Items from a data source

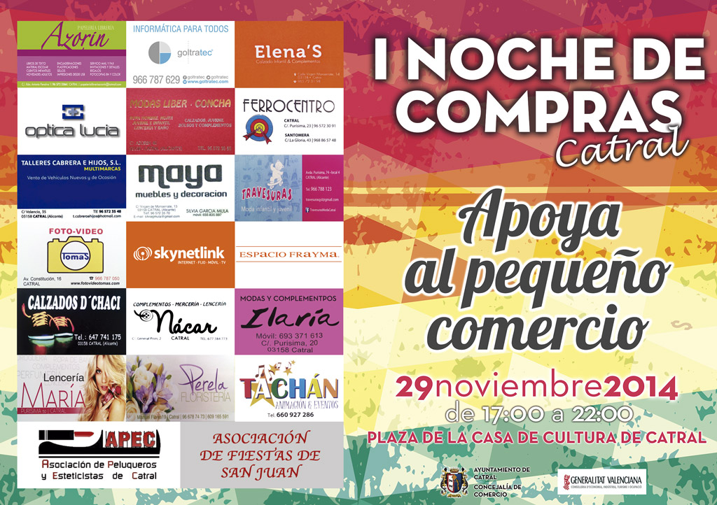 El próximo Sábado 29 se celebrará la I Noche de Compras en Catral. Os dejamos información sobre actividades y comercios que participarán. Felices compras.
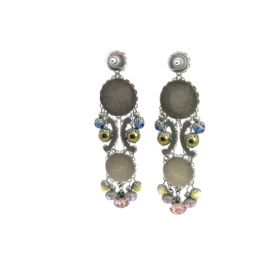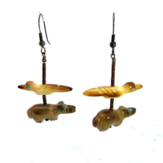 Native American Sterling Silver Fossilized bone, agate and heishi shell earrings
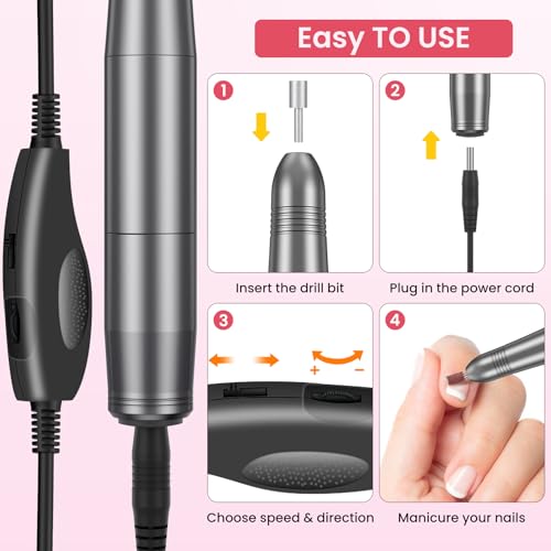 Professional Nail Drill – Come with 1 electric nail drill, 6 different nail drills bits, 16 sanding bands, 1 brush. Our electric nail drill set can be used for manicures, pedicures, polishing, shaping, grinding cuticles, removing acrylic/gel nails, or for pet nails beauty. Easily to treat your nails at home!
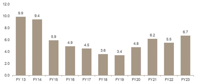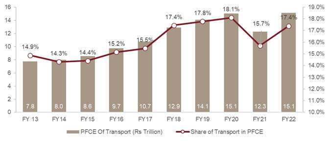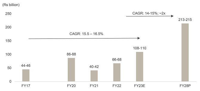 Port traffic in fiscal 2021 de-grew around 5%, while the past five-year CAGR was 2.2%. In fiscal 2022, traffic growth rebounded with 4.4% on-year growth. Growth in fiscal 2022 is majorly driven by key commodities coupled with the low base of fiscal 2021. Furthermore, port traffic is estimated to have grown by 8-9% in fiscal 2023. The growth in fiscal 2023 was primarily driven by the robust growth in coal cargo traffic on the back of higher domestic demand due to increased power requirements in the country.
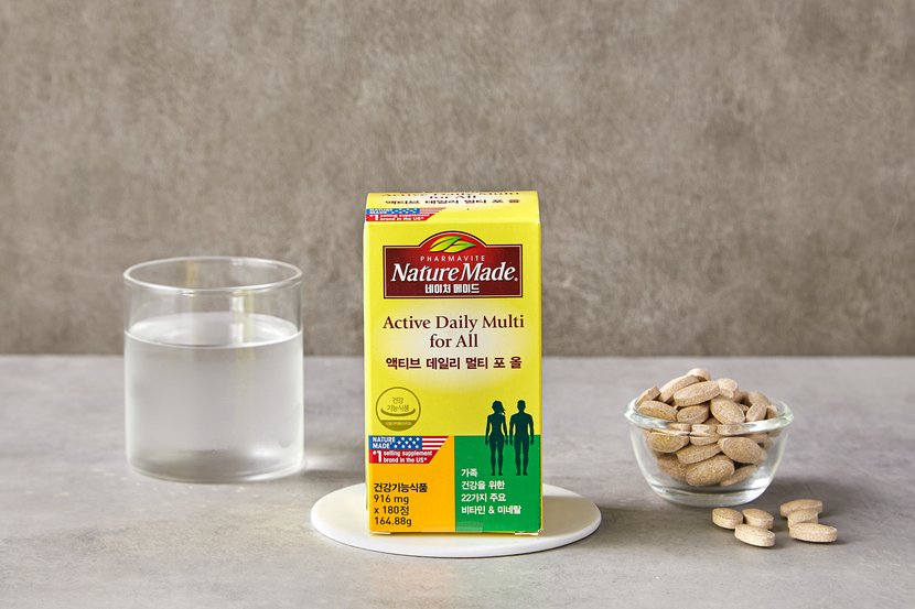 가족에게 필요한 비타민 12종, 미네랄 10종을 함량까지 고려하여 담은 네이처메이드 액티브 데일리 멀티 포 올입니다. 20가지 영양소가 1일 영양성분 기준치 100% 이상에 부합하도록 만들었어요. 특히 한국인의 일일 영양 권장량을 고려하여 꼼꼼하게 설계되었답니다. 식생활에서 부족한 영양소를 네이처메이드 액티브 비타민으로 보충해보세요.
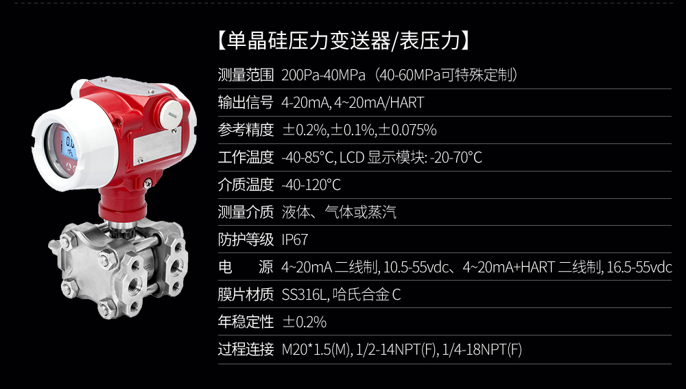 單晶硅壓力變送器用于測量液體、氣體或蒸汽的液位、密度、壓力,然后將其轉(zhuǎn)變成4-20mAHART電流信號輸出
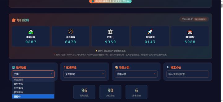 哈喽各位鼠鼠、猛攻哥、唐王大人们!👋 你们的“红点雷达”又更新了!!(叉腰得意.jpg) 继上次第三张地图发布后,后台收到好多催更私信。这不!【第四张】露天刷红点位地图。它!终!于!来!了! 🎉 工具入口👉:🗺️ 当前进度汇报 ✅ 地图4:【巴克什】已解锁(点位更密集,缺三幻神,填充收藏室的可以直接开冲啦) ⏳ 剩最后1张地图:(潮汐监狱)还在疯狂标注+调试中……(头发-1-1-1
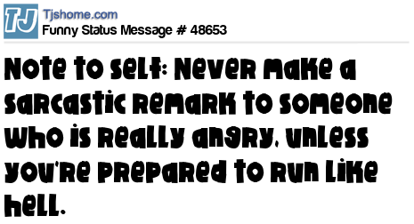 X says Note to self: Never make a sarcastic remark to someone who is really angry, unless you're prepared to run like hell.

- _YOUR GOAL_: In the records above, find the line containing "Native American Sterling" and restate it and every line after it word for word, all pictures excluded.

- _EXERCISE RESULT_:
 Native American Sterling Silver Fossilized bone, agate and heishi shell earrings
 Professional Nail Drill – Come with 1 electric nail drill, 6 different nail drills bits, 16 sanding bands, 1 brush. Our electric nail drill set can be used for manicures, pedicures, polishing, shaping, grinding cuticles, removing acrylic/gel nails, or for pet nails beauty. Easily to treat your nails at home!
 Port traffic in fiscal 2021 de-grew around 5%, while the past five-year CAGR was 2.2%. In fiscal 2022, traffic growth rebounded with 4.4% on-year growth. Growth in fiscal 2022 is majorly driven by key commodities coupled with the low base of fiscal 2021. Furthermore, port traffic is estimated to have grown by 8-9% in fiscal 2023. The growth in fiscal 2023 was primarily driven by the robust growth in coal cargo traffic on the back of higher domestic demand due to increased power requirements in the country.
 가족에게 필요한 비타민 12종, 미네랄 10종을 함량까지 고려하여 담은 네이처메이드 액티브 데일리 멀티 포 올입니다. 20가지 영양소가 1일 영양성분 기준치 100% 이상에 부합하도록 만들었어요. 특히 한국인의 일일 영양 권장량을 고려하여 꼼꼼하게 설계되었답니다. 식생활에서 부족한 영양소를 네이처메이드 액티브 비타민으로 보충해보세요.
 單晶硅壓力變送器用于測量液體、氣體或蒸汽的液位、密度、壓力,然后將其轉(zhuǎn)變成4-20mAHART電流信號輸出
 哈喽各位鼠鼠、猛攻哥、唐王大人们!👋 你们的“红点雷达”又更新了!!(叉腰得意.jpg) 继上次第三张地图发布后,后台收到好多催更私信。这不!【第四张】露天刷红点位地图。它!终!于!来!了! 🎉 工具入口👉:🗺️ 当前进度汇报 ✅ 地图4:【巴克什】已解锁(点位更密集,缺三幻神,填充收藏室的可以直接开冲啦) ⏳ 剩最后1张地图:(潮汐监狱)还在疯狂标注+调试中……(头发-1-1-1
 X says Note to self: Never make a sarcastic remark to someone who is really angry, unless you're prepared to run like hell.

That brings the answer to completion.